Updated May 25 2019, 1:10 a.m. ET
In order to make renewable energy reliable on a large scale, there needs to be a way to store the power that's being generated. Batteries are the best solution, but lithium-ion can be a costly product and they lose capacity after every recharge. Researchers at the Massachusetts Institute of Technology have developed a more natural battery that’s not only reliable, but much less expensive.
This new battery is labeled as “air-breathing,” meaning that oxygen does push in and out of it to make it work. Sulfur dissolved in water is the anode (negative side) of the battery while a liquid salt solution represents the cathode (plus side). When oxygen moves into the battery, electrons are released from the anode.
How does the battery get recharged? Oxygen moves out of it so the electrons come back into the anode. Yet-Ming Chiang, one of the researchers and a co-author of the project’s report, explained that the battery breathes in and exhales oxygen -- it’s not like humans that release carbon dioxide.

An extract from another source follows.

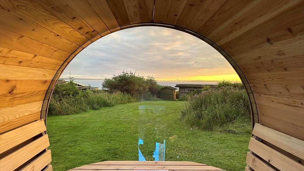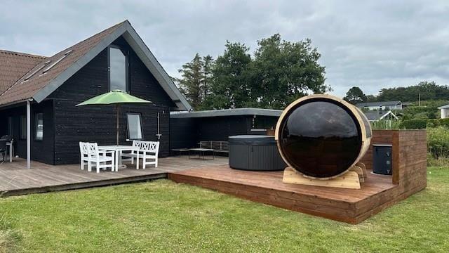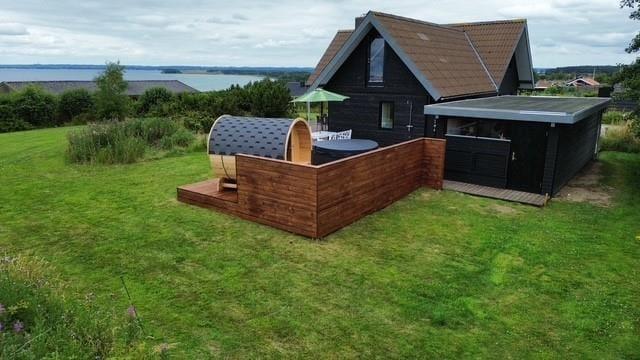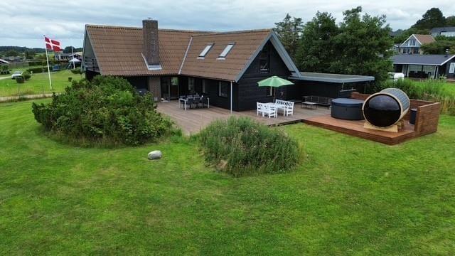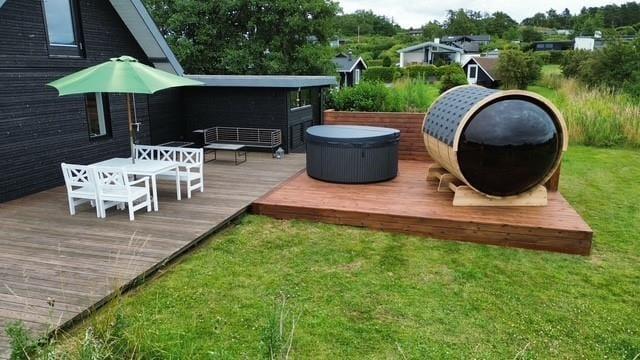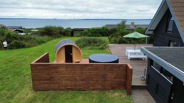 Unter freiem Himmel begrüßt dich eine schöne, überdachte Terrasse, auf der du morgens einen frischen Becher Kaffee in der Sonne und abends stimmungsvolle Grillabende genießt. Die Terrasse ist teilweise abgeschirmt und gut vor Wind geschützt - perfekt für ausgedehnte Sonnenbäder, lange Lesestunden und ein kühles Getränk in der Abendsonne. Zu erholsamen Momenten voller Wellnessflair lädt der Outdoor-Whirlpool ein. Eiskalte Erfrischungen verspricht anschließend die Kaltwasserwanne. Alternativ gönnst du dir den ein oder anderen Saunagang in der tollen Outdoor-Sauna, die mit einem Fenster in Richtung Wasser zu begeistern weiß. Dein Grundstück ist grün und einladend. Es bietet Platz zum gemeinsamen Spielen und Umhertollen. Ringsum erwarten dich friedvolle Natur und fröhliches Vogelgezwitscher. Du erfreust dich an schönster Urlaubsatmosphäre, die es dir leicht macht, die Sorgen und die Hektik des Alltags hinter dir zu lassen.

The project began back in 2012 with the focus on creating a large-scale battery that can be used to store energy for the grid. Chiang told MIT News that he didn’t believe the high cost of lithium-ion would be sustainable in the long run: “This meant maybe we weren’t focusing on the right thing, with an ever-increasing chemical cost in pursuit of high energy-density. We said, ‘If we want energy storage at the terawatt scale, we have to use truly abundant materials.’”

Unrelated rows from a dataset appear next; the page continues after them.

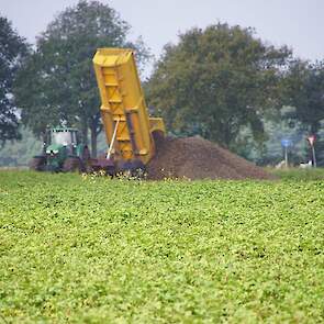 Zetmeelaardappelen rooien met een Grimme-zelfrijder. Een John Deere 6170M met een Tiger 220-kipper zorgt voor het transport naar de bult.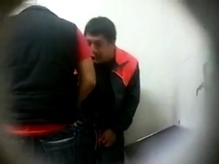 He is fucked in the office toilet by his boss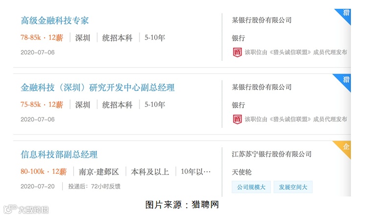 而金融科技人才的高薪也令人羡慕。有机构开出15万元-20万元月薪,多家银行相关岗位年薪也高达百万。
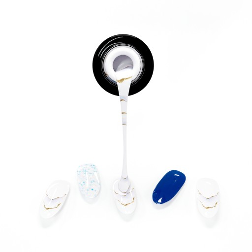 - Gel Stickers Easy On M10 – błyszczące i marmurkowe wykończenia w kolorze niebieskim oraz biało-złotym,
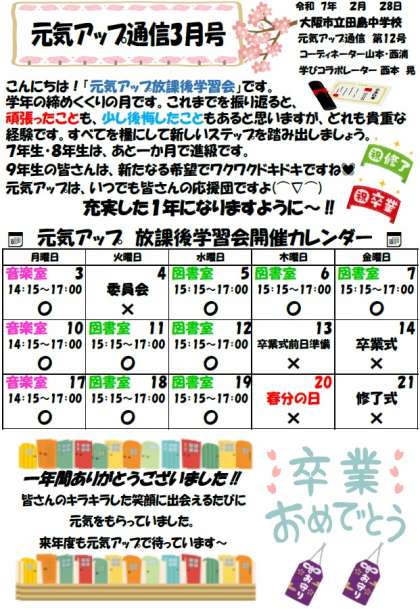 3月の予定表です。あっという間に1年が終わりますね。体調を崩さないよう気をつけて、3学期も最後までみんなと一緒に楽しく学習しましょう!!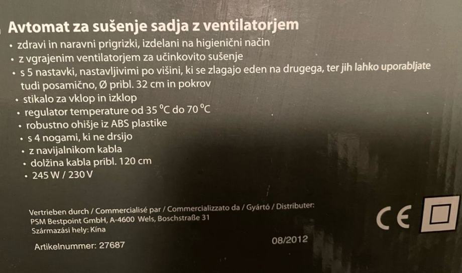 Ugodno prodam aparat za sušenje sadja. Za več info pokličite 031/355-360, prevzem možen v Trbovljah. Možen tudi prevzem v Ljubljani ali Luciji na Obali po predhodnem dogovoru.

During the research process, sulfur was immediately decided as the battery’s anode. However, it took a while for the scientists to find a compatible liquid cathode that was cheap. Prior to using liquid salt, one of the chemical compounds that tested was potassium permanganate. While it didn’t end up working, they found the battery ended up recharging due to its reaction from the oxygen.
With that discovery, they ended up creating an ultra-cheap battery. According to the news article, the combination of all three parts of this battery would be “1/30th the cost of competing batteries, such as lithium-ion batteries.” It’s one of the cheapest rechargeable batteries that you could make.
Even though the prototype is very small -- the scientists say it’s no bigger than a coffee cup -- the battery can easily be scaled up to store energy in the grid. Power can be stored for seasons at a time, but it can discharge easier than other alternatives. For this reason, storing electricity from wind and solar-generated power might be the best use for it.
This isn’t the first time salt has been used in a renewable energy storage process. Google has been researching a process that uses salt and antifreeze and is also fairly cheap. Solar and wind power may not be reliable on its own, but we’re finding amazing ways to store this energy so we don’t have to keep using fossil fuels.